Salvage Wire

Salvage Wire
Helping Automotive recyclers become leaders in their industry

Friday, 5 August 2011

Indian Auto Recycling

In India, cars driven for 15-20 years until they can no longer be cajoled into life often land at scrap dealers, to be dismantled and their innards reused with little regard for the environment. An experiment is in the works just outside Chennai to tweak this picture.

As India’s annual car sales climb at a 30% clip to touch 2.5 million in 2010-11, according to the Society of Indian Automobile Manufacturers (Siam), as people upgrade from hatchbacks to sedans, and as accidents rise and loan defaults soar, more cars are entering scrapyards where engine oil leaches into the ground and lead poisoning lurks as batteries are taken apart.

A recycling unit launched on Tuesday 55km outside Chennai, close to the local factories of foreign auto makers including Ford Motor Co. and the Renault-Nissan alliance, may offer a cleaner and greener solution for the reuse or disposal of automotive parts. The 340-acre facility to the south-west of Chennai, in Oragadam, is a creation of Siam and the ministry of heavy industries that will dismantle cars that are no longer road-worthy.

The compact unit currently working on 100 two-wheelers and 25 four-wheelers will be run primarily on manual labour, unlike heavily automated recycling centres abroad, Siam Recycling Group chairman N.S. Mohan Ram said.

Over three months, workers will dismantle each car and two-wheeler, and after removing parts that can be reused or recycled, and other parts such as glass and fabric that must go into landfills, large parts will be compressed by a hydraulic press to occupy smaller spaces.

“There are strict regulations worldwide on the end of life of vehicles,” said K.K. Gandhi, executive director (technical), Siam. “In India, vehicles are bought by kabadiwallahs (scrap dealers) in areas like Mayapuri in Delhi. They dismantle the vehicle, take away the bearings, electrical parts, body parts, to recycle. The whole system is very unhygienic and can handle only low volumes.”

S.S. Chawla, 30, entered his father’s 25-year-old scrap business in Mayapuri about a decade ago. The west Delhi recycling hub grabbed headlines last year following the death of a scrapyard worker from exposure to radiation from junked equipment containing nuclear material.

While there may be little adherence to environmental norms, it is undeniable that he and other scrap dealers are a valuable and cheap source of replacement for rural car owners and taxi operators who cannot afford a Rs.4,000 tyre to replace a worn-out wheel. Many car owners head to this junkyard heaven to pick a cheaper tyre ripped off from a partially damaged vehicle for Rs.800-1,000.

“There are no norms for taxing old and polluting cars,” said Kumar Kandaswami, an automotive industry specialist at consultancy Deloitte Touche Tohmatsu India Pvt. Ltd. “So there’s no motivation for people to retire their cars. A new car run in Chennai may wind up in Tuticorin (500km away) after a few years.”

Indeed, business and competition has picked up, said Chawla, as have piles of garbage generated from unusable auto parts such as glass components and plastic innards.

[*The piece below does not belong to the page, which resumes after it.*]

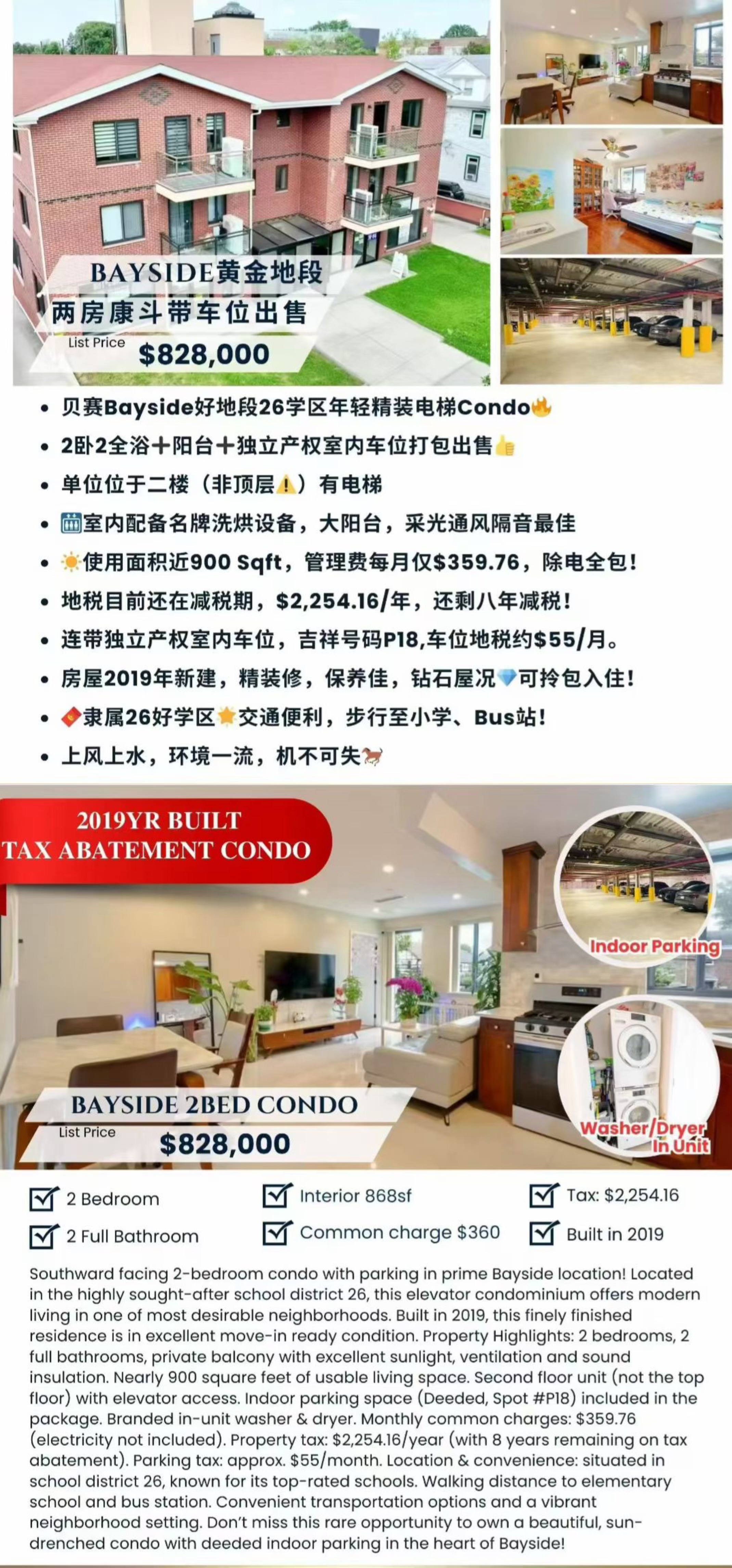贝赛康斗Bayside好地段26学区年轻精装电梯Condo康斗出售💰售价$828,000

Chennai’s Mayapuri lies to the north-west of the city, in Pudupet. The air here reeks of automotive fluids. The soil is a shimmering dark gray mix of grease and shattered glass. Many of Pudupet’s scrap shops that line every inch of its streets are stuffed with car tyres, doors, mirrors, bumpers and other tubular and metal components. The fast-growing loot comes from financiers auctioning vehicles confiscated from defaulting borrowers, insurance companies and even the forest department that finds orphaned vehicles.

But even as the resale of automotive parts may seem a logical extension of the pervasive Indian habit of reusing things, it inadvertently involves violation of environmental norms, say ecological experts.

“There is always the danger of overstepping that line by using products that may not be fit enough to be used,” said Priti Mahesh, project manager with Delhi-based environmental not-for-profit Toxics Link.

Amid increasing labour costs to repair dented bumpers and doors defaced by accidents, the rising stock of unblemished doors recovered from vehicles brought to Chennai and Delhi’s scrap dealers finds several takers.

Still, a soaring mountain of metal spares—70% versus 30% of total scrap volumes 20 years ago, according to several Pudupet traders—don’t find buyers and are sold by weight at a profit given rising aluminium, steel and copper prices.

The rise in melting and reuse of such parts by the unorganized sector, which could be lethal to air and water in the surrounding areas, offers a compelling reason for ecologically cleaner measures to recycle automotive parts.

“Usually, the informal sector cuts corners as much as possible, but recovery efficiency is much lower and you may be losing a lot of resources that can be recycled,” said Toxics Link’s Mahesh. “There is a need for an organized sector effort to reuse parts of cars or two-wheelers with adherence to environmental norms.”

Amritha Venketakrishnan contributed to this story.